*** Block opens ***

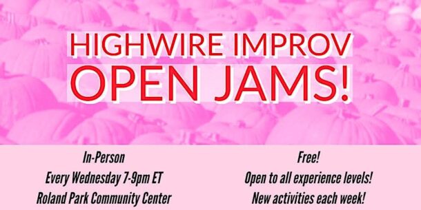 This will be a low-stress jam experience for improvisers of all levels! We’ll do introductions, a boundaries check-in, some fun improv warmups to get the mind and body ready, and then we’ll do a range of improv exercises, games, and some long-form sets! The jam will run from 7-9 p.m.
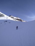 Über Normalroute zur Schneeglocke. Beim Steilaufschwung bevors zum Gipfel geht Harscheisen von Vorteil.
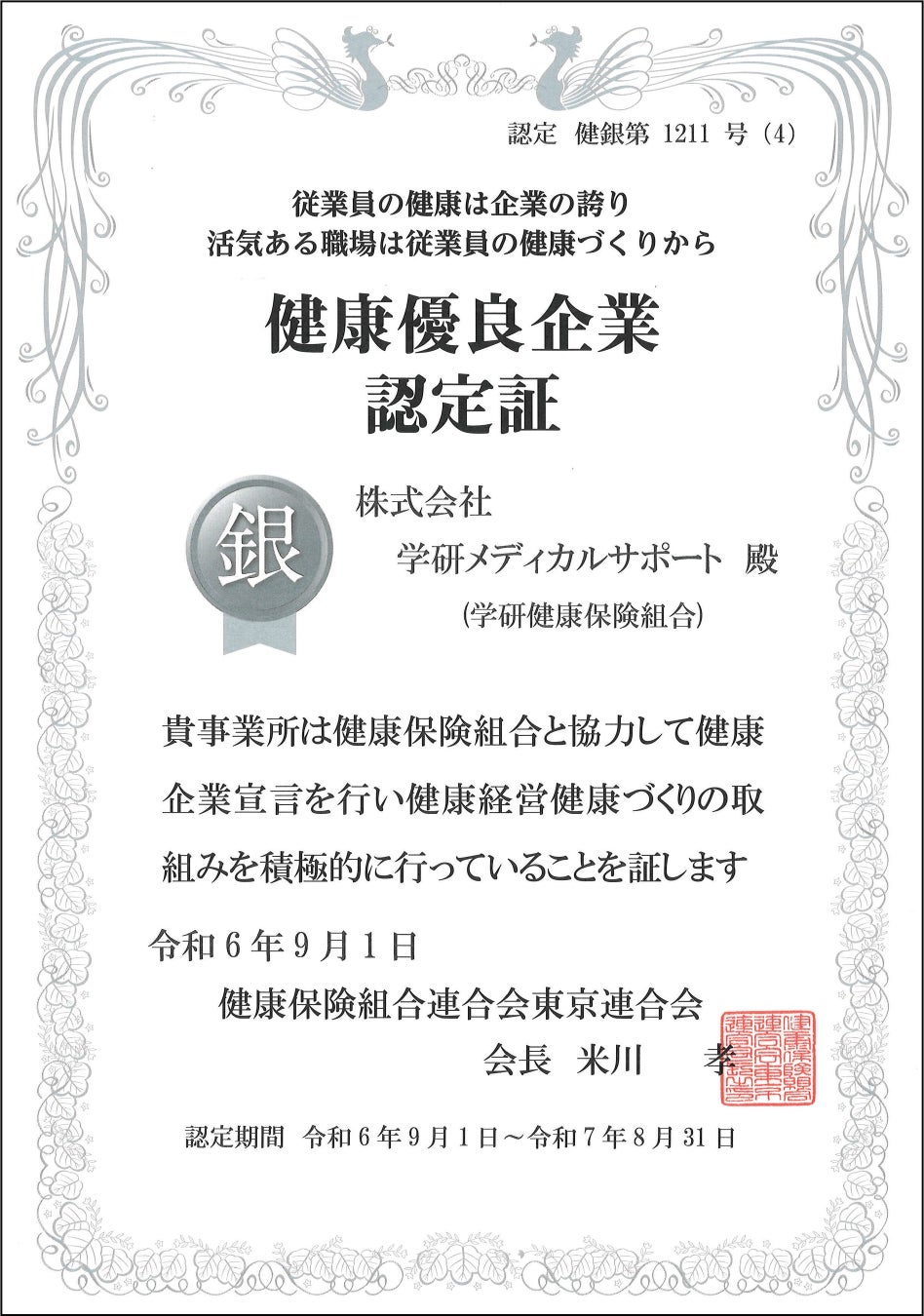 株式会社 学研ホールディングス(東京・品川/代表取締役社長:宮原博昭)のグループ会社、株式会社 学研メディカルサポート(東京・品川/代表取締役社長:清水修)は、健康保険組合連合会東京連合会に「健康企業宣言※」を行い、健康経営に向けた職場の健康づくりや、環境整備などの積極的な取り組みが評価され、2024年9月1日(日)付で健康優良企業「銀の認定」(健銀第1211号(4))を取得いたしました。
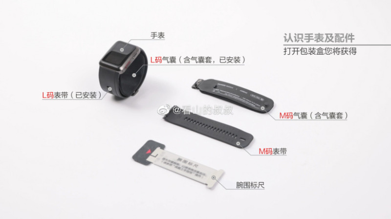 Часы комплектуются лентой для измерения обхвата запястья и двумя ремешками со встроенной манжеткой — примерно как в обычном тонометре, только гораздо более компактной. В зависимости от обхвата запястья пользователю предписано использовать ремешок-манжетку размера L или M.
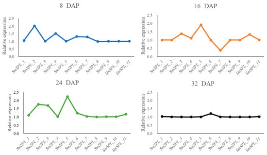 Expression of SmSPL genes in different stages of fruit development: 8, 16, 24, and 32 days after pollination. The four stages are defined as follows: 8 DAP (young fruit stage), 16 DAP (expansion stage), 24 DAP (commercial fruit stage), and 32 DAP (discoloration stage).
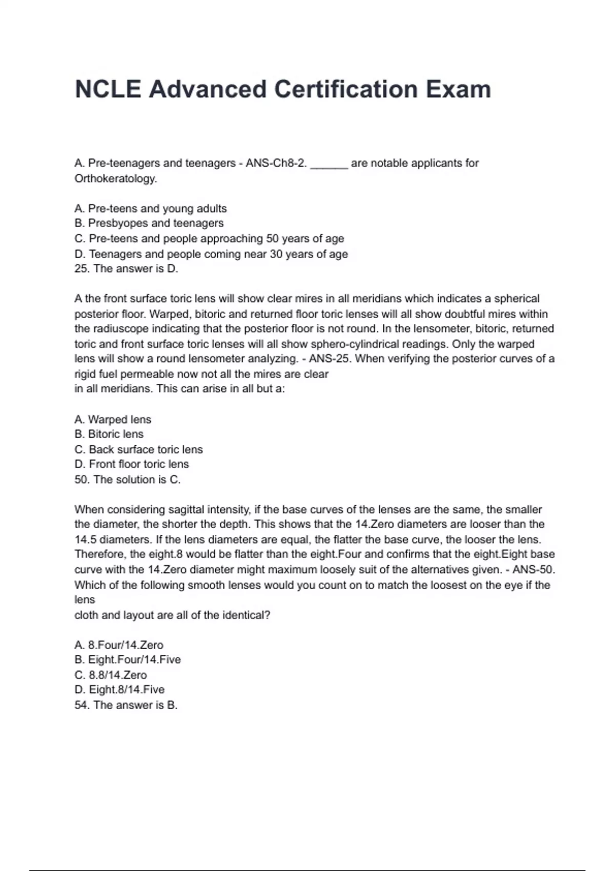 A. Air bubbles under the lens. - ANS-Ch4-nine. Prior to insertion, it's far crucial that the hybrid
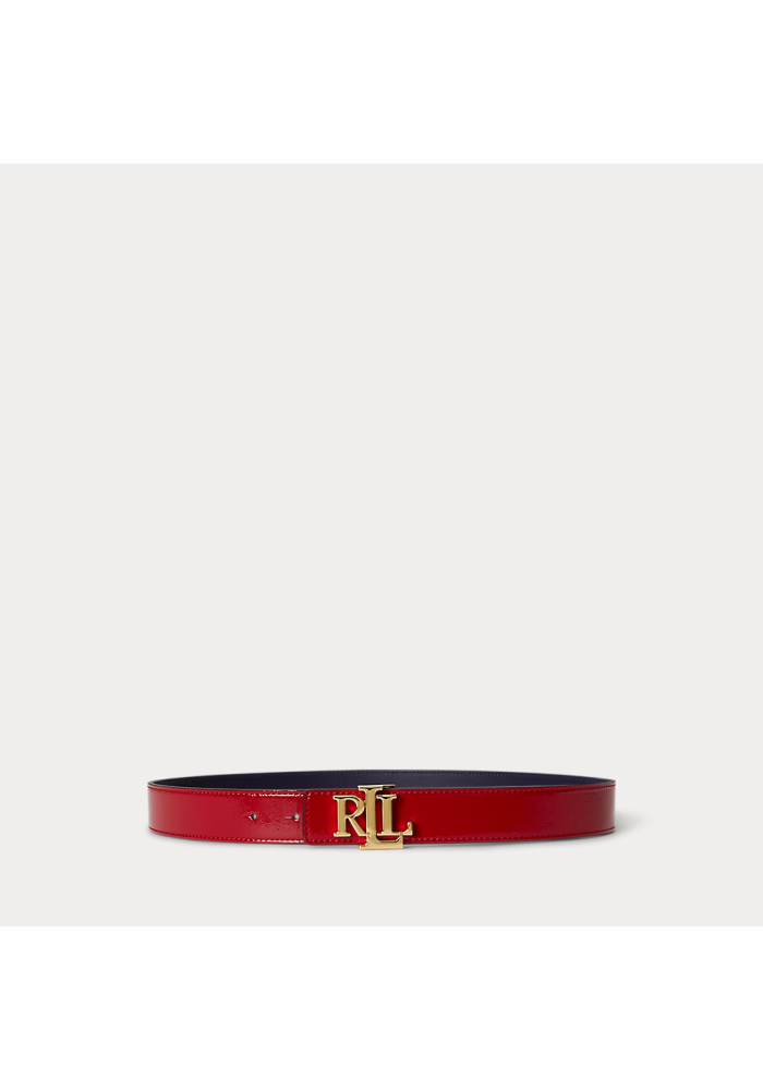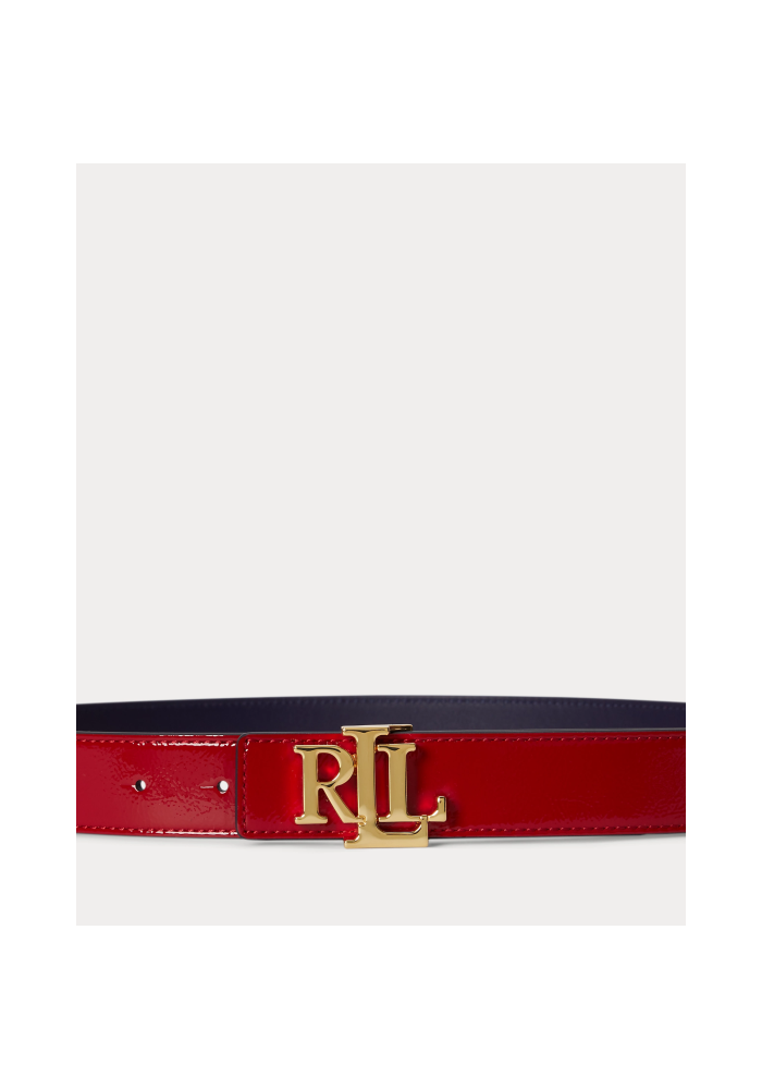 Lauren ralphlauren ζώνη δερμάτινη διπλής όψης λουστρίνι με λογότυπο 412P10211001

*** Block closes ***

## Exercise
From the records above, give again only the part that opens with the line containing "Über Normalroute zur" and closes with the line containing "A. Air bubbles". Keep both ends but drop the pictures.

## Solution for this problem
 Über Normalroute zur Schneeglocke. Beim Steilaufschwung bevors zum Gipfel geht Harscheisen von Vorteil.
 株式会社 学研ホールディングス(東京・品川/代表取締役社長:宮原博昭)のグループ会社、株式会社 学研メディカルサポート(東京・品川/代表取締役社長:清水修)は、健康保険組合連合会東京連合会に「健康企業宣言※」を行い、健康経営に向けた職場の健康づくりや、環境整備などの積極的な取り組みが評価され、2024年9月1日(日)付で健康優良企業「銀の認定」(健銀第1211号(4))を取得いたしました。
 Часы комплектуются лентой для измерения обхвата запястья и двумя ремешками со встроенной манжеткой — примерно как в обычном тонометре, только гораздо более компактной. В зависимости от обхвата запястья пользователю предписано использовать ремешок-манжетку размера L или M.
 Expression of SmSPL genes in different stages of fruit development: 8, 16, 24, and 32 days after pollination. The four stages are defined as follows: 8 DAP (young fruit stage), 16 DAP (expansion stage), 24 DAP (commercial fruit stage), and 32 DAP (discoloration stage).
 A. Air bubbles under the lens. - ANS-Ch4-nine. Prior to insertion, it's far crucial that the hybrid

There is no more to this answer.